Hello James,
Stem-and-leaf plots are used to provide visually powerful representations of value frequencies in a collection of data, most often as a supplement to some other form of data reporting. I have known many people who found themselves confused by stem-and-leaf plots, but once you understand how they work, they are very useful. The most important thing to keep in mind is that their usefulness is restricted to situations where the frequency of occurrence of values in the data set is relevant and/or important.
Say you're teaching a class, and you administer a test. After words, you want to analyze the performance of your students, in an effort to judge the difficulty of the test, in case it warrants a curve. The grades on the test are as follows (we're assuming no partial points here):
75, 35, 60, 85, 83, 64, 99, 45, 79, 81, 82, 50, 89, 67, 91, 94, 97, 87, 86, 71, 75, 54, 69
You could base your analysis on the common statistical analyses (mean, median, and mode), but in case like this, the mean (74.69 rounded up to 75) is slightly skewed because of the two outlying and extremely low grades, the median (79) would give a fair representation but fail to show an important detail (see below), and the mode (75) simply wouldn't be representative at all. You could also plot out the data in a histogram, but that would be unduly time consuming and complex. The stem-and-leaf plot (at least in cases such as this) corrects for all of these short-comings.
For our data the resulting stem-and-leaf plot looks like this:
stem | leaf
3 | 5
4 | 5
5 | 0 4
6 | 0 4 7 9
7 | 1 5 5 9
8 | 1 2 3 5 6 7 9
9 | 1 4 7 9
key: 7 | 5 means 75
[Herein lies the power of the stem-and-leaf: Just by looking at the plot we can be certain that the test in question was not "too hard", as most of the grades hover around the 'C' mark. We can also see (what the median would fail to show) that the highest concentration is in the 'B' range. If anything, it might make sense to make the test a little more difficult.]
If you're having trouble performing the construction of a stem-and-leaf plot from a data-set, do the following:
- Take all the data and arrange them in a reverse hierarchy (lowest to highest)

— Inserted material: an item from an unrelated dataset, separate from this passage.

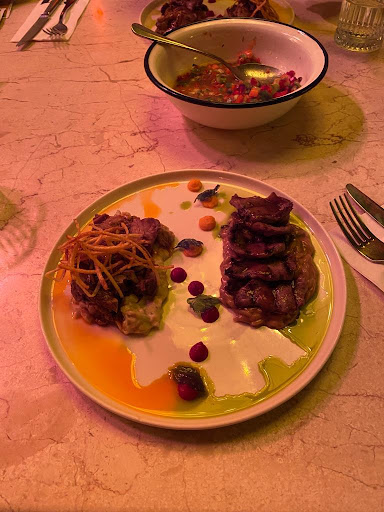 Kahvaltı methini duymuştum ancak ben öğle yemeği menüsünü denemk istedim. İlk ziyaretim öğle saatiydi sanırım bu restoranınm poüler saatleri kahvaltı ve akşam yemeği, öğlen 3 gibi ziyaret ettiğimde çok tercih edilmeyen bir restoran izlenimi aldım, içeride garsonların hummalı telaşı var akşam servisine hazırlıklar var, bu koşturma içinde WC unutulmuş, WC'de temizlik yapılmamıştı ve kağıt havlu yoktu. Mekan oldukça geniş ve çok şık dekore edilmiş, garsonların giyimi ve nezaketi yerli yerinde ve menüye hakimdi. Tavsiye almak istedim önerdiklerinden sipariş ettim. Sıcak başlangıç olarak dana etli pekmezli çıtır lavaş ana yemek olarak kuzu incik arpa şehriyeli. Tatlı olarak çikolatalı cennet çamuru.
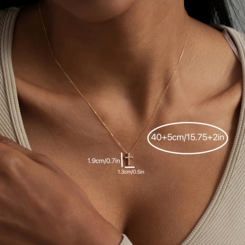 This necklace features a durable iron chain with a golden tone cross pendant.

- Split each two-digit number into the number in the 'tens' position and the number in the 'ones' position
- Populate the stem column with the 'tens', starting with the first relevant 'ten' (in our case 35; since there were no grades below 35 we need not included 0-2 in the stem)
- Populate the leaf column with the instances of 'ones' by their respective 'ten' and in reverse hierarchy, making certain to include all repetition. (I have found this last point tends to be a stumbling block for many.)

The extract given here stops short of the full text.